* [What this task involves]:
From the line that has "(MENU) Maslová žemľa, Hamburgrová" down to the last line of the data below, set down every line exactly, but none of the pictures.

* [Recorded information]:
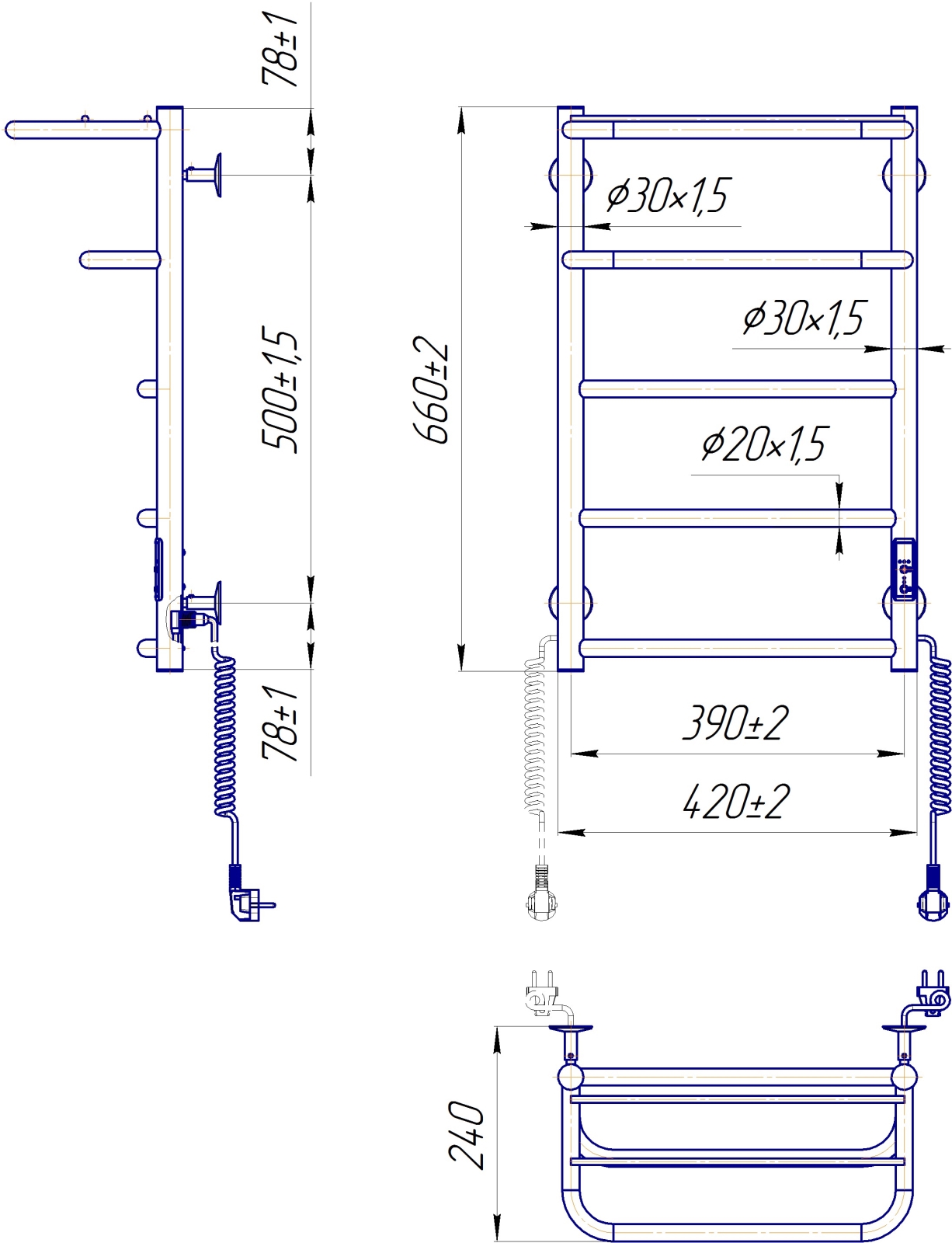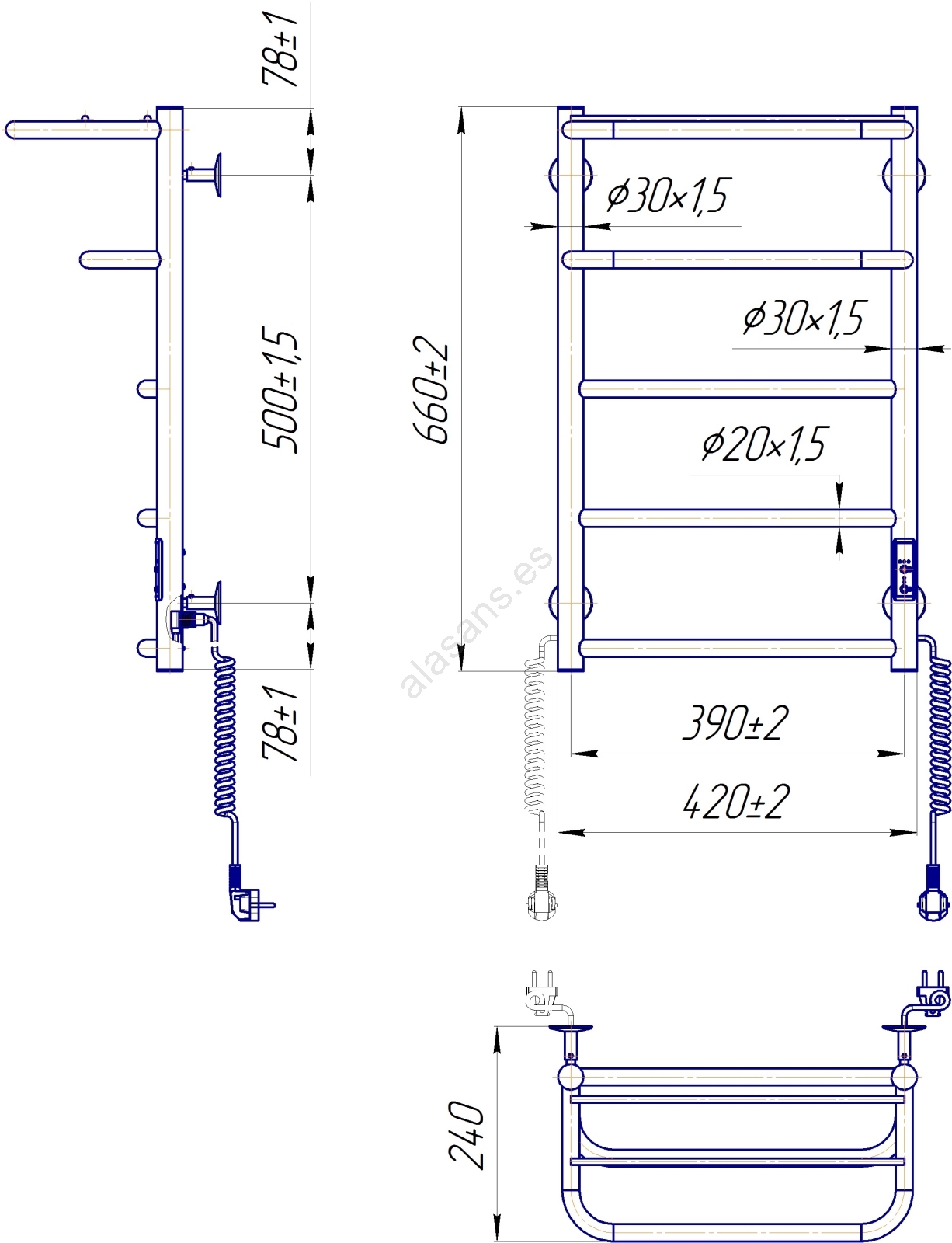 Radiador toallero para baño HOTEL, 75 W/230 V, 65 x 43 cm, acero inoxidable/negro, conexión derecha
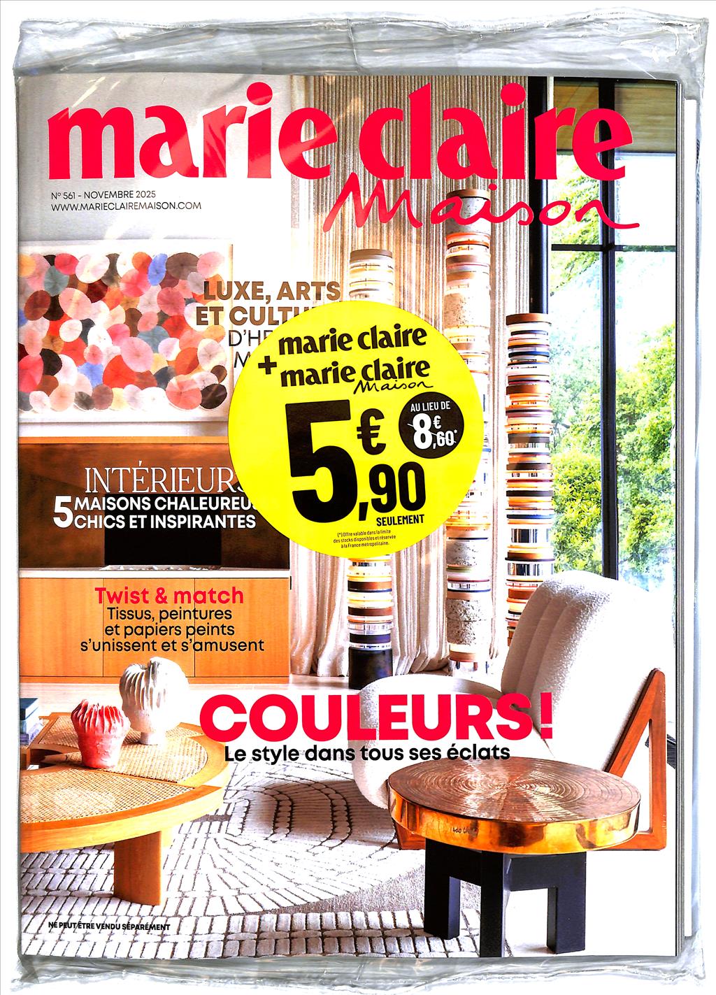 Magazine de décoration inspirationnelle, Marie Claire Maison accompagne les mutations qui animent la décoration et le design et anticipe celle de demain,pack avec le féminin Marie Claire..
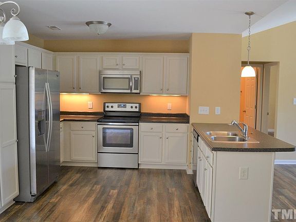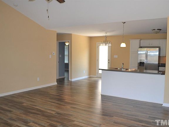 BEAUTIFUL one story home with rocking chair front porch. Open floor plan. Lots of laminate flooring. Family room is open to the kitchen that offers SS appliances and refrigerator. Split bedroom design. Master suite offers a dual vanity, garden tub, seperate shower and WIC. 2 good sized secondary bedrooms and full bathroom that has a dual vanity and large walk in shower. Patio in back is great for entertaining guests. 2 car garage. Large corner lot. A must lee!
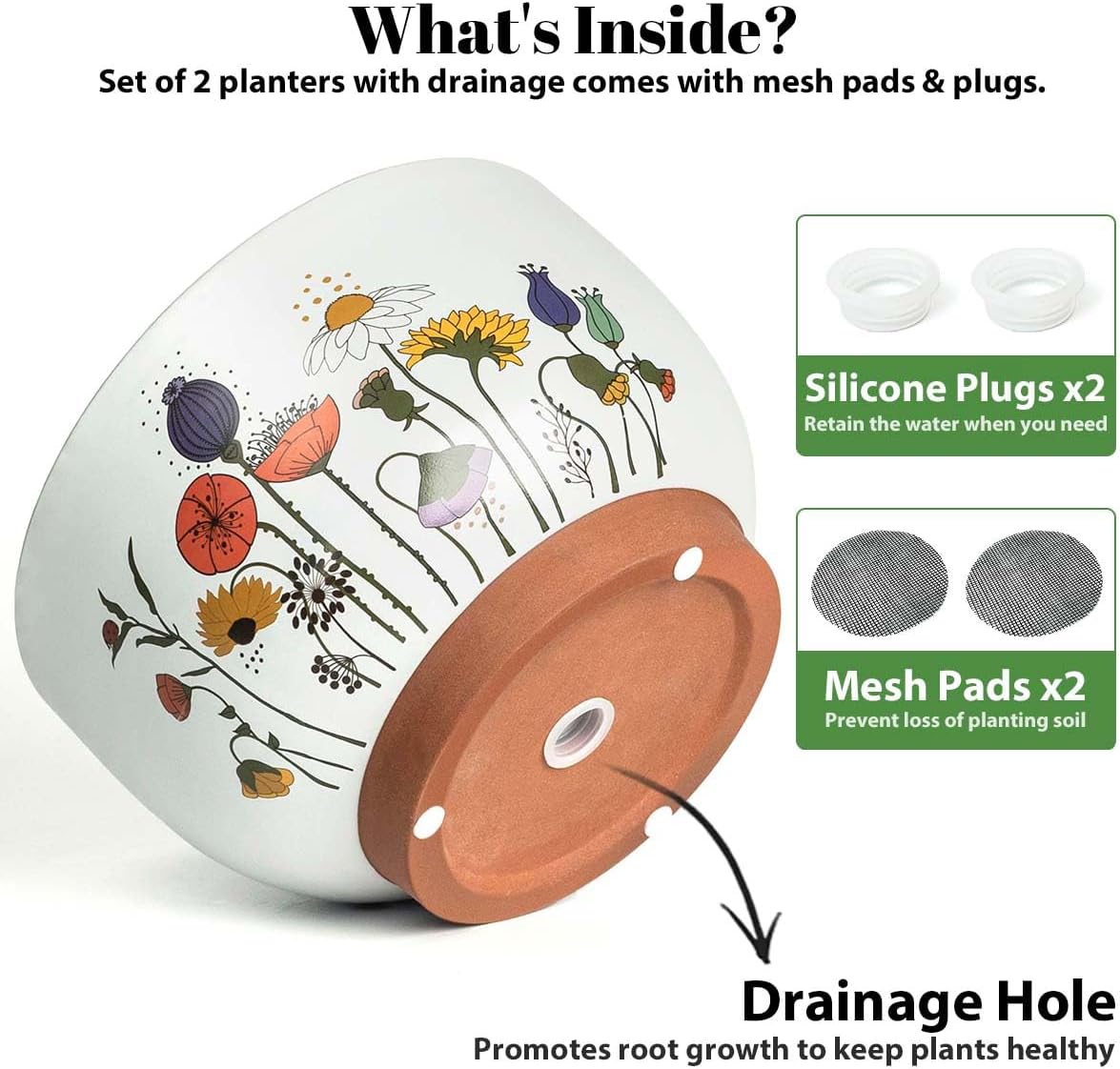 - Drainage Hole & Plug & Mesh Pad - Each planter has a drainage hole, putting the mesh pad at the bottom will isolate the water. The silicone plug could retain the water. (Plants are NOT included.)
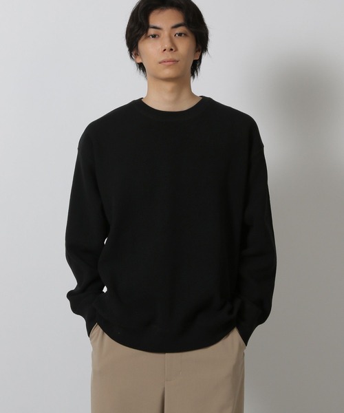 シンプルデザインのニット。程よいゆとりがあるシルエットですっきりとしながらもリラックスして着られる1枚です。【素材】まるでスウェットのようなニット。肌あたりが柔らかくチクチクしにくい素材を使用。滑らかで着心地も〇【スタイリング】トラウザーやチノパンなどキレイ目パンツが相性抜群。シンプルなデザインなので合わせるアイテム選ばずスタイリングできます。
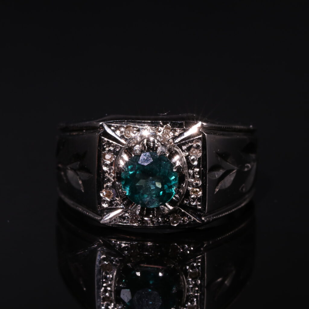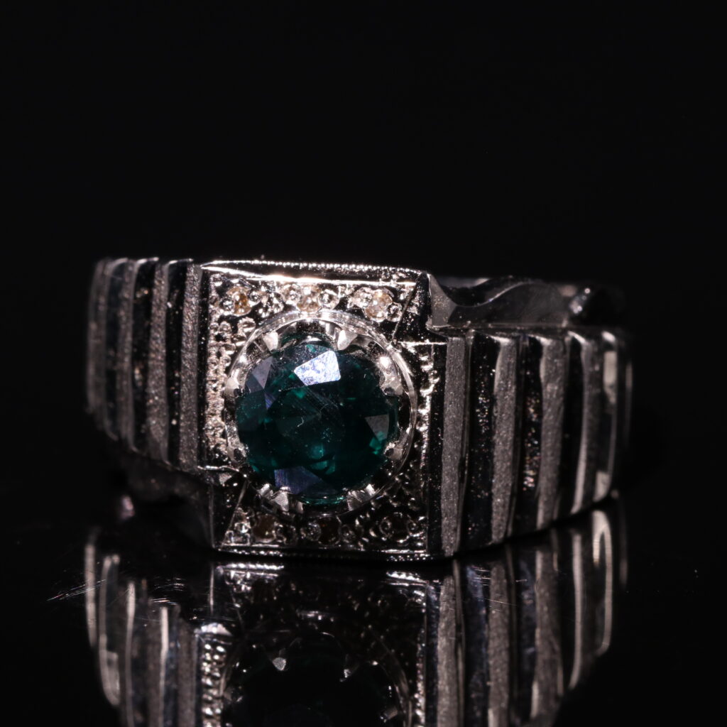 انگشتر مردانه نقره توپاز سبز کد 11118
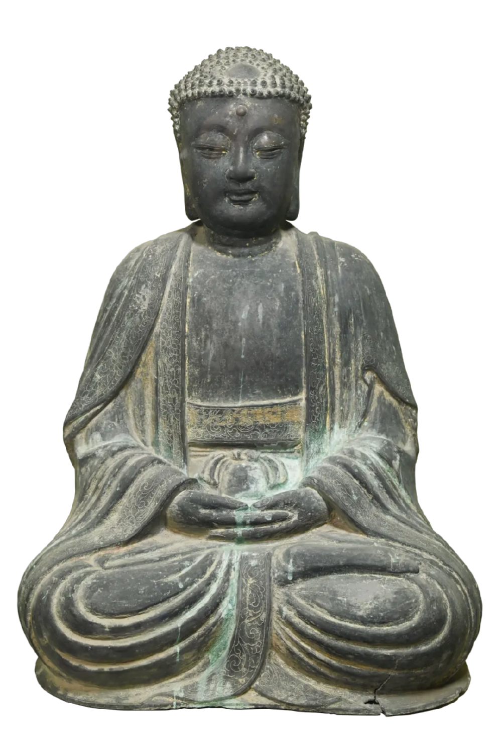 佛像结跏趺坐,双手施禅定印,这是佛教修行者进入禅定状态的姿势。结跏趺坐有助于修行者集中精神,排除杂念,达到内心的平静与安宁。双手施禅定印,姿态自然而优雅,仿佛在默默传递着佛法的智慧与力量。佛像面容丰满,似在俯瞰世间万物,又似在为众生的苦难而慈悲;体态自然,展现出一种和谐统一的美感,仿佛不是铜铸之物,而是一位真正的修行者在禅定之中。
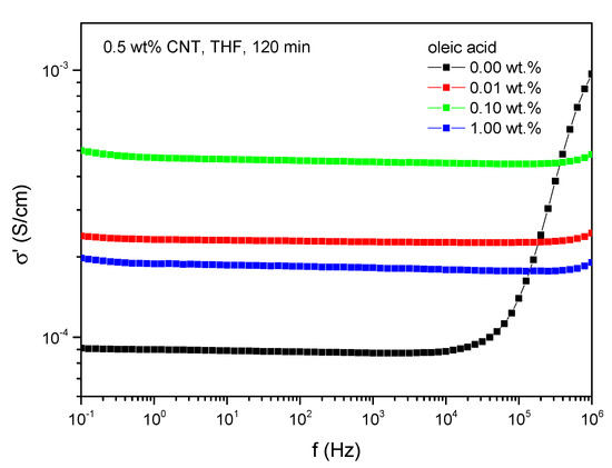 An additional concept of this study is to enhance polymer–filler interactions by increasing the compatibility of CNTs and PDMS as enhanced polymer–filler interactions superpose filler–filler interactions and therefore support agglomerate break-up. This can be realized by adding surface-active substances that are physically bonded on the filler surface and compensate polarity differences between filler and polymer. This procedure preserves the structure of the filler particles as the substances are bonded to the filler surface non-covalently which ensures to keep the properties of the filler. Oleic acid serves these criteria, which was added based on predispersion in THF. Figure 5 displays the dielectric conductivity of PDMS/CNT-composites with 0.5 wt.% CNT pretreated with sonication for 120 min with different concentrations of oleic acid. Adding oleic acid leads to a slight increase in conductivity, where the composites with 0.1 wt.% oleic acid and 0.5 wt.% CNTs reaches a conductivity of 5 × 10−4 S/cm at 1 Hz. Implementing higher concentrations of oleic acid decreases the conductivity, so that CNT dispersion is at an optimum using 0.1 wt.% of oleic acid.
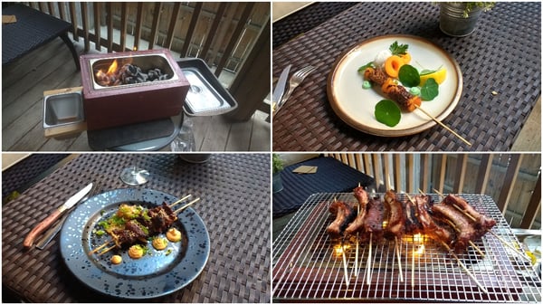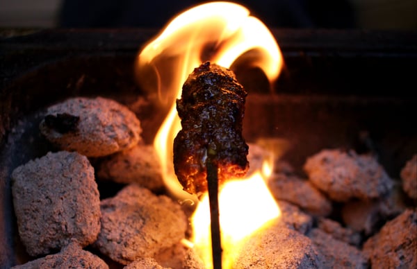 I like to build up the coals at one end for hot searing, and progressively move the skewers down to the cooler end to finish.
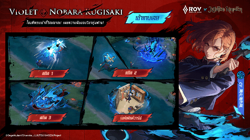 ความร่วมมือที่ทุกคนรอคอยกลับมาอีกครั้ง เมื่อ Megumi Fushiguro และ Nobara Kugisaki พร้อมเข้าร่วมสมรภูมิ RoV! ผู้เล่นสามารถควบคุมพลังงานต้องคำสาปของสองตัวละครชื่อดัง ผ่านฮีโร่อย่าง Paine และ Violet โดยปลดปล่อยวิชาเงาสิบร่างของ Megumi และวิชาหุ่นฟางของ Nobara เพื่อเอาชนะคู่ต่อสู้ รังสรรค์ท่วงท่าใน Jujutsu Kaisen อันเป็นเอกลักษณ์ให้เกิดขึ้นจริง! คอยติดตามรายละเอียดความร่วมมือและรางวัลพิเศษเพิ่มเติมได้ทาง Garena RoV Thailand
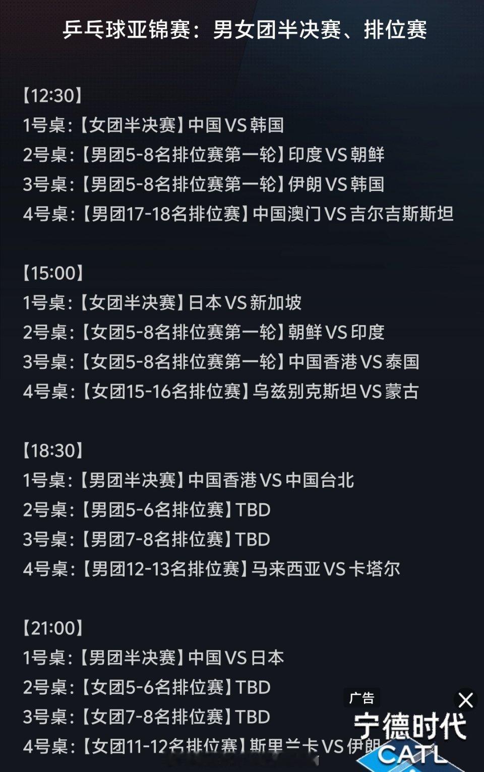 📍【2025亚洲乒乓球团体锦标赛】男女团半决赛
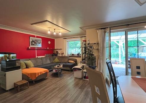 1998 in massiver Bauweise errichtet bietet diese schöne Immobilie viel Platz für die große Familie. Dabei ist das Dachgeschoss auch als Einliegerwohnung nutzbar und somit auch für die Vermietung interessant. Die rund 182 m² Wohnfläche teilen sich insgesamt auf 6 Zimmer, zwei Bäder, zwei Küchen und ein Gäste-WC auf. Sämtliche Räume sind großzügig geschnitten und verfügen über viel Tageslicht. Beide Etagen sind mit einer Einbauküche ausgestattet. Der Spitzboden ist ausgebaut. Eine feste Treppe kann hier schnell und unkompliziert eingebaut werden. Die Gaszentralheizung von 2021/22 versorgt die Immobilie mit Wärme und Warmwasser. Das Erdgeschoss ist teilweise mit Fußbodenheizung ausgestattet. Zusätzlich sorgt ein Kaminofen im Wohnzimmer für Behaglichkeit. Die doppelt verglasten Holzfenster sind auf der Vorderseite des Hauses mit innenliegenden Sprossen versehen. Die Putzfassade wurde zweifarbig gestrichen. Das Haus verfügt über einen breiten Dachüberstand und über eine gemütliche Südterrasse, die ebenfalls überdacht ist. Eine Doppelgarage mit Abstellraum und Nebenraum mit Dusche und WC bietet viel Platz für Hobby und Beruf. Das Haus ist durch eine Tür direkt mit der Garage verbunden, so dass Einkäufe bequem verstaut werden können und man auch an Schlechtwettertagen trocken ins Haus kommt. Für die Gartenbewässerung befindet sich eine Zisterne mit ca. 7.000l Fassungsvermögen im Garten.
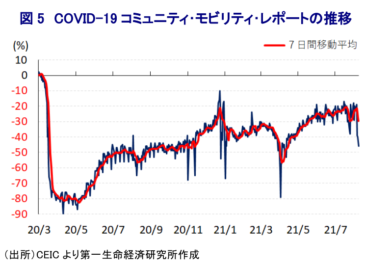 - 現憲法ではドゥテルテ氏は次期大統領選に出馬出来ないものの、娘が大統領、自身が副大統領に就任出来れば影響力を維持することが可能となる。他方、その実現には逸早い経済の立て直しが不可欠だが、4-6月の実質GDP成長率は前期比年率▲5.13%と4四半期ぶりのマイナス成長となるなど踊り場を迎えている。家計消費など内需の弱含みが景気の足を引っ張っている上、足下では感染再拡大を受けて人の移動に下押し圧力が掛かる動きもみられるなど、景気回復の糸口を見いだせない状況に直面していると判断出来る。
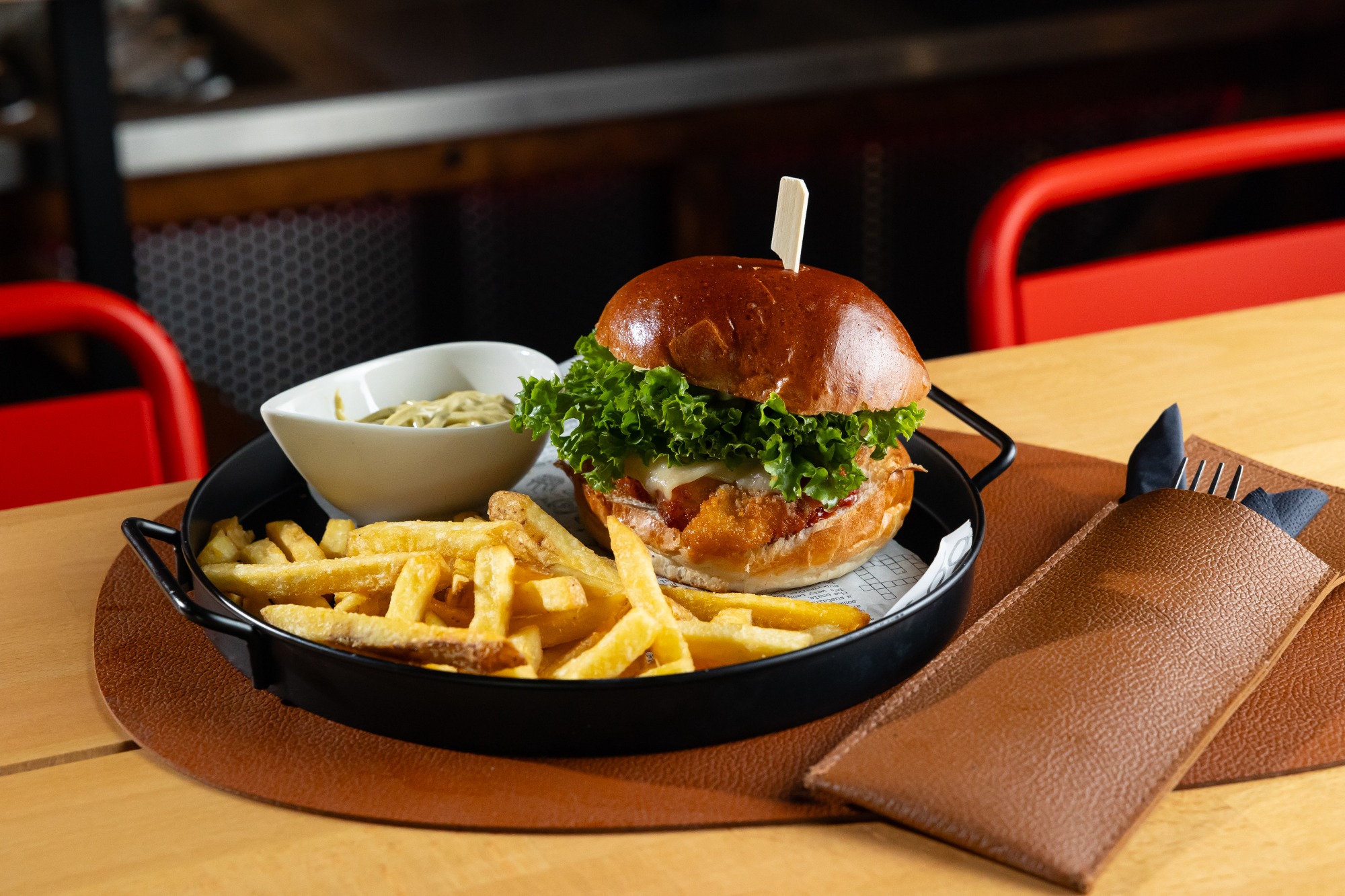 (MENU) Maslová žemľa, Hamburgrová majonéza, Nakladaná uhorka, Paradajka, 150g Chrumkavé kuracie filetky, Monterey jack syr, Šalát, Sladko-kyslá omáčka
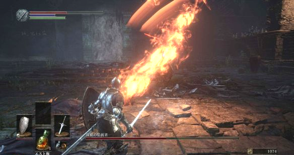 打完「洛斯里克王子」后回到「不死街」第一次看到遇见防火女的牢房发现伊贡的尸体,从身上得到上述的大鎚和盾

* [Answer to this task]:
 (MENU) Maslová žemľa, Hamburgrová majonéza, Nakladaná uhorka, Paradajka, 150g Chrumkavé kuracie filetky, Monterey jack syr, Šalát, Sladko-kyslá omáčka
 打完「洛斯里克王子」后回到「不死街」第一次看到遇见防火女的牢房发现伊贡的尸体,从身上得到上述的大鎚和盾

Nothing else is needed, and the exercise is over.